In fact, corals produce a variety of antibiotic substances (perhaps secondarily) against various bacterial species - it has been proposed that those which are most "non-native" are the most affected, with gram-positive strains being most affected.
Oddly, the gram-negatives seem to pose the greatest threat, yet corals don't seem to mind their presence, and the bacteria growing on their surface actually play very significant on their normal metabolic activities - many positive ones, too.
Yet, under stress, the pathogenic tendencies, the number and types of species present, as well as their rapid growth on excess mucus secreted by stressed corals, can all affect the overall health of corals. BUT, the condition we call "RTN," despite possibly having bacterial components, is not caused by any single type of marine microbe. Jonathan will take it from here.
What RTN Isn't...
In a necessarily skeptical world, one must look at proof - the evidence of a statement. What we were attempting to prove was that the condition of RTN is possibly immunological, and not bacterial or viral in nature.
Taking a similarly skeptical approach, I developed a multi-step process to show what RTN isn't. One of science's original means of proving biological disease is called Koch's postulates.
This is a series of steps that must show all of the following:
a) the microbe in question must be present in all diseased hosts (not one
or two cases)
b) the microbe must be isolated and grown in pure culture.
c) upon reintroduction, the microbe must produce disease, and
d) re-isolation of the organism, grown in pure culture, must be the same
as the original organism.
Based on these postulates, I have conducted numerous studies into the
origins of RTN. It is not bacterial.
To be bacterial, we would expect to find an abundance of pathogenic
bacteria on sick colonies. In fact, we would expect to find the same
bacteria on all sick colonies.
Also, we would expect that if we took a sick colony and a healthy one, and filtered out all bacteria, that transmission of the disease would stop.

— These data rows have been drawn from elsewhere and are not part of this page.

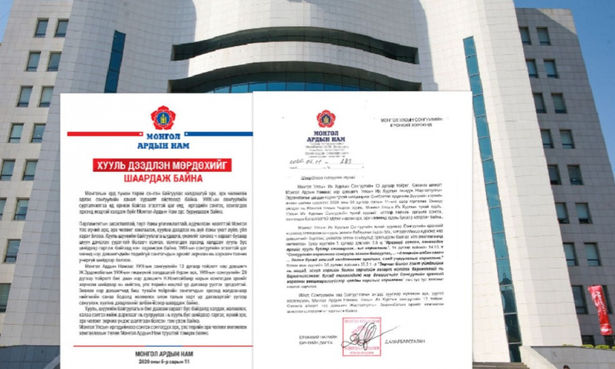 Уг шаардлагад, “Монгол Ардын намаас УИХ-ын сонгуулийн 23 дугаар тойрогт нэр дэвшигч Ж.Эрдэнэбатын УИХ-ын гишүүний халдашгүй бүрэн эрх, УИХ-ын сонгуулийн 29 дүгээр тойрогт бие даан нэр дэвшигч Н.Номтойбаяр нарын сонгогдох эрхийг зөрчсөн шийдвэр нь нийгэм, улстөрийн ноцтой үр дагавар үүсгэх эрсдэлтэй. Зөвхөн нэр дэвшигчид биш тухайн тойргийн сонгогчдын эрхэнд халдсанаар нийгмийн санаа бодолд нөлөөлөх олон талын хорт үрт дагавартайг үүгээр сануулан, хуулиа дээдлэхийг албан ёсоор шаардаж байна” гэв.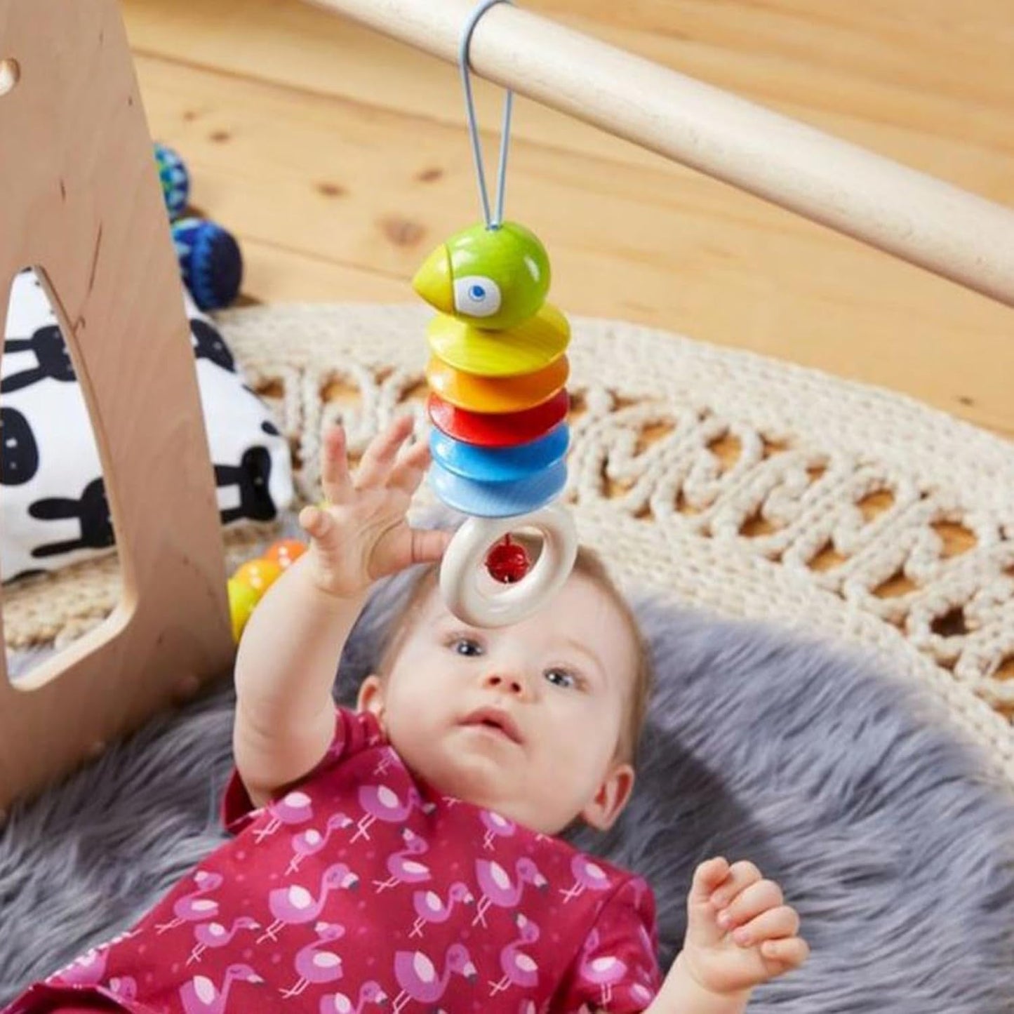 The colorful parrot invites babies to accompany it on an exciting journey of discovery. Its body has five rotatable wooden discs and a large wooden ring for grasping, touching and feeling. When baby touches the bell, it jingles merrily. With its highly practical strings, this dangling figure is easy to hang up anywhere. It keeps baby in a good mood at home as well as out and about. Features arouses baby's clutching instinct playfully promotes fine motor skills suitable for play gym, car seat, crib or stroller includes little bell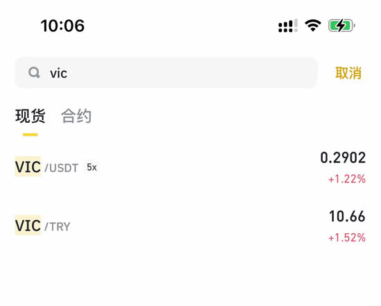 2、在搜索框输入VIC,系统将自动显示交易对,选择【VIC/USDT】进入交易页面;

My experiments showed that a variety of bacteria exist on healthy and diseased corals. Statistically, no one type of bacteria were present in higher numbers on sick colonies.
Some unusual species were found on both sick and healthy corals that were non-native to marine environments. In addition, there was less bacterial diversity on sick corals than found on healthy corals, although the total bacterial numbers in some cases was higher or lower.
Of the species cultured, some were considered to be 'pathogenic,' but were also found in moderate numbers on healthy corals. Interestingly enough, the 'bad bugs' were found in fewer numbers on many sick colonies, with more 'good' bugs present.
These experiments were conducted with controls, and using aseptic (sterile) techniques. A variety of microbiological culture media was utilized, including Tryptic Soy Agar/Salt, TCBS, Photobacterium Agar, Blood agar/salt, Nutrient agar/salinity tolerances, TSA agar, and in lesser numbers a variety of other media in accordance with various protocol.
Samples of over 400 individual colonies were taken in numerous studies, representing many species of Acroporid and Pocilloporid corals.
The results closely matched those conducted by Kim Ritchie in independent analyses looking at normal flora on coral mucus in both healthy and diseased (WBD) colonies.
She had found a trend from Psuedomonas --->Vibrio in necrotic areas near the "band" and suggested that Vibrios seem more capable of and successful in utilizing the dying tissue as substrate material, but did not suggest that they were responsible for disease. She also found fewer bacteria in type on necrotic tissue than on healthy tissue - similar to what I found.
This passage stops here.